No início do século XX, o sociólogo alemão Georg Simmel escreveu um dos mais célebres ensaios da história da sociologia, entitulado “A Metrópole e a Vida Mental”. O grande mérito desse ensaio foi levantar questões que iam além de sua época, mostrando como as intensas forças sociais existentes na cidade fazem com que, paradoxalmente, as pessoas sejam mais individualistas, convivendo em um ambiente mais impessoal, como uma espécie de afirmação em um ambiente que suprime o indivíduo.
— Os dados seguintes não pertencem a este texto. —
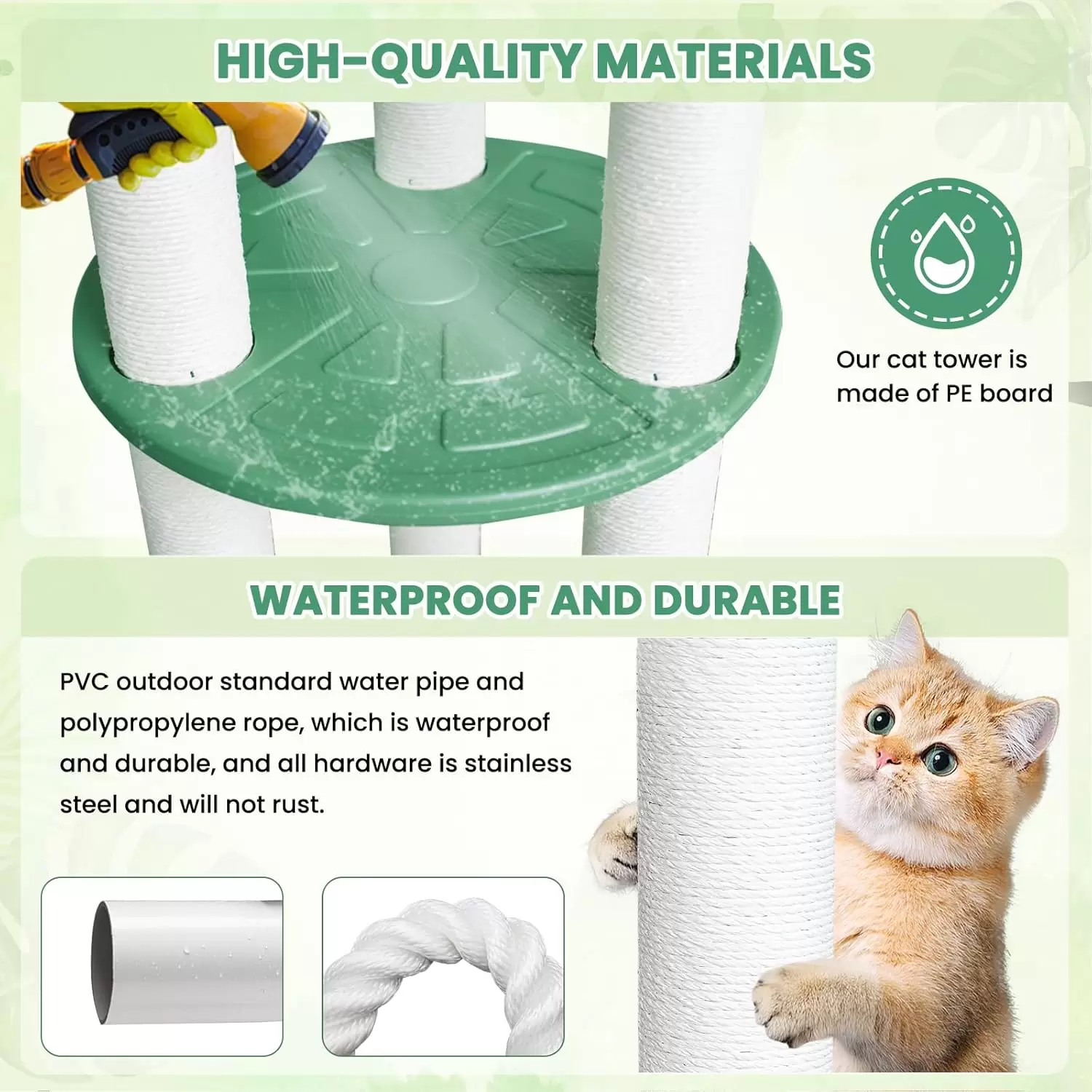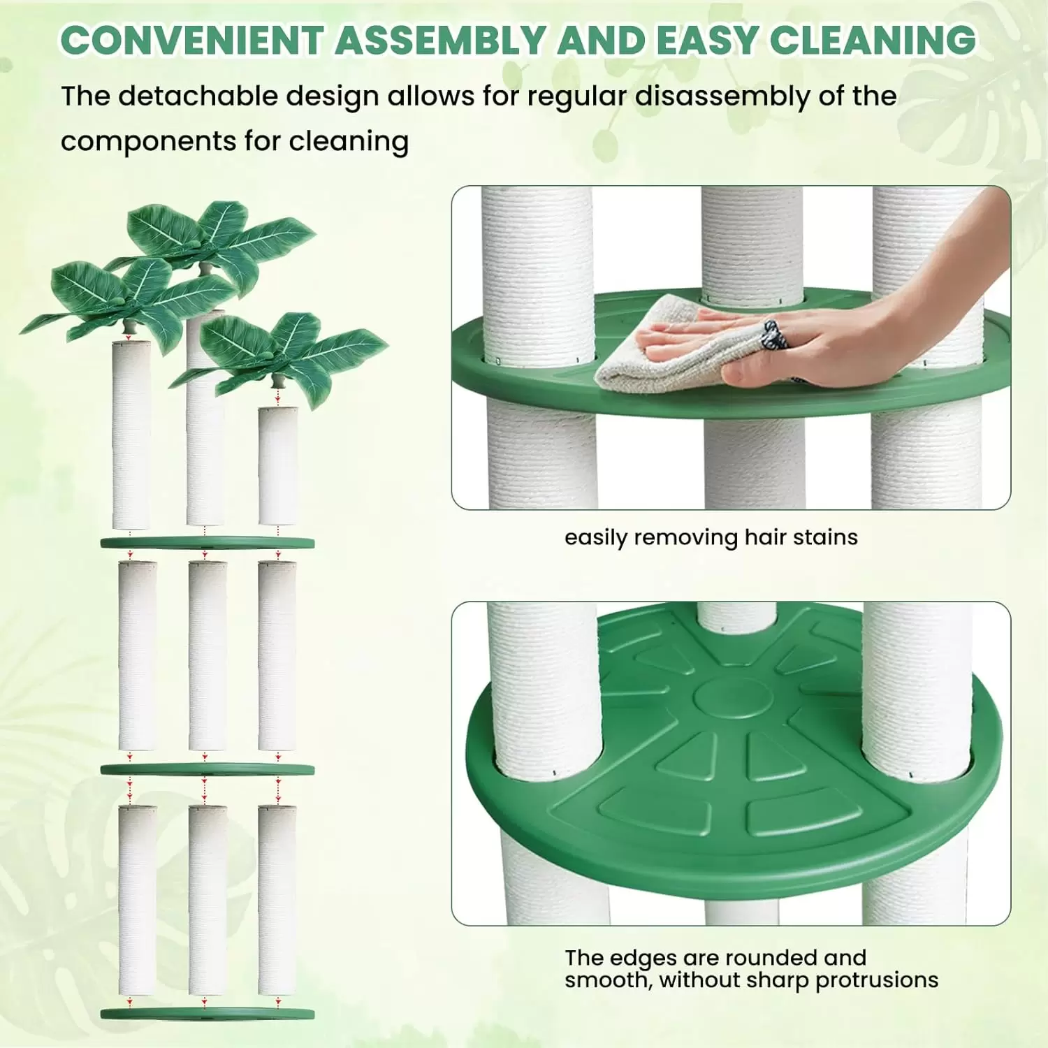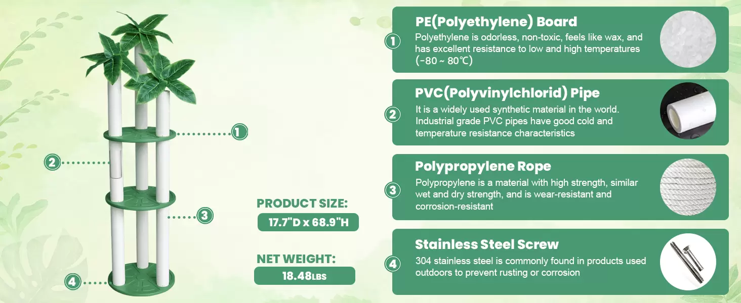 Decoración Natural: La parte superior está decorada con hojas verdes simuladas para crear un ambiente cercano a la naturaleza, estimulando la curiosidad del gato y aumentando su sensación de seguridad.
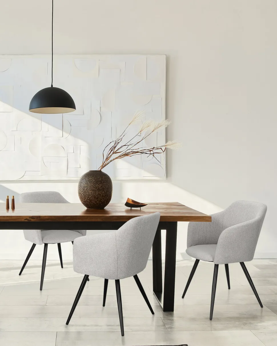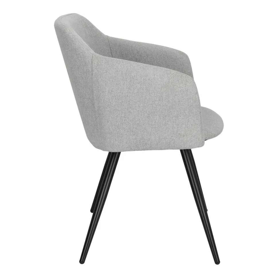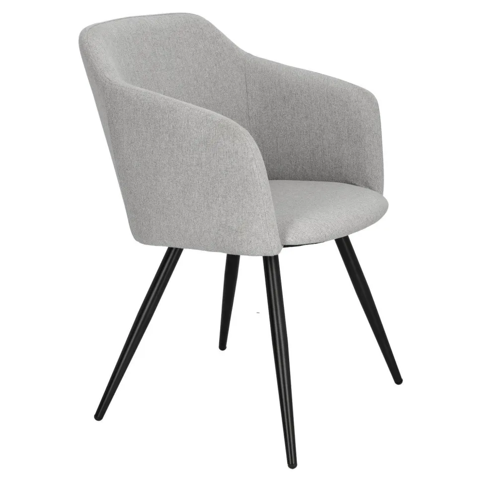 Krzesło Molto tapicerowane elegancką szarą tkaniną to przykład klasycznego designu, który świetnie odnajdzie się w różnorodnych aranżacjach. Posiada ono niezwykle wygodne siedzisko z szerokim oparciem i podłokietnikami, a także miękką poliestrową tapicerkę, która zapewnia dodatkowy komfort. Ciekawa kubełkowa forma krzesła tapicerowanego Molto idealnie współgra ze smukłymi, lecz wytrzymałymi nogami o grubości 3,5 cm. Podstawa to łatwa do utrzymania w czystości konstrukcja z metalu w kolorze czarnym. Dodatkowo nogi wyposażone zostały w nakładki, które chronią podłogę przed zarysowaniem. Eleganckie szare krzesło o wymiarach 42 cm x 82 cm x 60 cm (głębokość siedziska: 46 cm) będzie doskonałym wyborem do wnętrz w stylu skandynawskim.
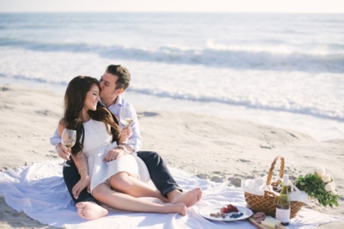 I’m a sucker for a good picnic engagement shoot! Gorgeous couple, sunny beach, along with delicious looking picnic food and a crisp glass of California white makes for wonderful memories for these two love birds. The photos of save-the-date written on a wood plank will surely provide for nice custom wedding stationery options. Photographer’s Comments: “Chris and Meliza have a taste for good wine and cheese and wanted to incorporate that into their engagement shoot. Add the beach as a backdrop and we had the best time celebrating their recent engagement.”Gallery
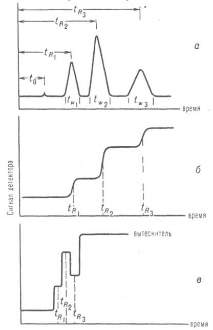 Основные хроматографические величины и их определение. При разделении в-в с помощью жидкостной хроматографии могут применяться проявительный, фронтальный и вытеснительный варианты. Чаще всего используют проявительный вариант, при к-ром в колонку в потоке элюента вводят порцию разделяемой смеси. Выход компонентов смеси из колонки регистрируется на хроматограмме в виде пиков (рис., а). Из хроматограммы определяют времена удерживания несорбирующегося (t0) и разделенных компонентов (tR1 , tR2 и т. д.) и ширину оснований пиков (tw1, tw2 и т. д.). Зная объемную скорость элюента w, вычисляют: мертвый объем колонки Vm = t0.w; исправленный удерживаемый объем компонента V'R = (tR — t0)w = t'Rw, где t'R - исправленное время удерживания компонента; коэф. емкости колонки по отношению к данному компоненту k' = (tR - t0)/t0 = V'R/Vm; эффективность колонки (характеризуется числом эквивалентных теоретич. тарелок) N = 16(tR/tw)2; коэф. селективности a = t'R2 /t'R1 = V'R2/V'R1 = k'2/k'1 и разрешение RS = 2(tR2 - tR1)/(tw1 + tw2). Высота или площадь пиков характеризует концентрацию компонентов, а удерживаемые объемы - качеств. состав смеси. Идентификацию компонентов обычно проводят по совпадению времен удерживания со стандартными в-вами; используют также физ.-хим. или хим. методы.

Esse trecho reume bem o que ele quis dizer em seu ensaio:

“Os mesmos fatores que assim redundaram na exatidão e precisão minuciosa da forma de vida redundaram também em uma estrutura da mais alta impessoalidade; por outro lado, promoveram uma subjetividade altamente pessoal Não há talvez fenômeno psíquico que tenha sido tão incondicionalmente reservado a metrópole quanta a atitude blasé..” SIMMEL, 1979, p. 15

No entanto, o mundo mudou muito desde o início do século XX. O desenvolvimento de artefatos técnicos que permitiram a industrialização em massa, e, depois, a popularização das tecnologias da informação, acabaram fazendo com que esse individualismo impessoal e essa postura blasé se espalhasse não apenas pelas cidades, mas por praticamente todos aqueles que contam com acesso, em alguma medida, às diversas tecnologias de informação existentes.

Dito isto, atentemo-nos aos fatos da última semana, mais especialmente a invasão do Instituto Royal, no último dia 18, por ativistas dos direitos dos animais, para o resgate de cerca de 200 cachorros da raça beagle, sob a justificativa de que o instituto estaria cometendo maus tratos aos animais.

A intenção aqui não é fazer um julgamento sobre “quem está certo” ou “quem está errado”. Mesmo porque esse tipo de assunto promove reações passionais desmedidas e a coisa que menos acrescenta a uma discussão é aquele monte de comentários “meu Deus, melhor texto que li na vida” ou “que lixo, é o pior texto que já li”.

A história da domesticação de animais é muito rica. Há registros arqueológicos de domesticação de cães há cerca de 18 mil anos, mas técnicas baseadas na leitura do genoma das espécies sugerem que muito antes disso os homens já utilizavam esses animais como ajudantes em caçadas e na proteção contra inimigos naturais.

No entanto, nos últimos 150 anos, a domesticação de animais atingiu um patamar completamente diferente. A ascensão de uma classe média relativamente bem remunerada na Europa, nos EUA, na Oceania e, posteriormente, na América Latina, na Ásia e até na África*, com necessidades e hábitos de consumo próprios, fez com que a domesticação de animais não fosse mais utilizada apenas com enfoque utilitarista, como para proteção ou para fornecimento de comida. E então os animais de estimação foram popularizados.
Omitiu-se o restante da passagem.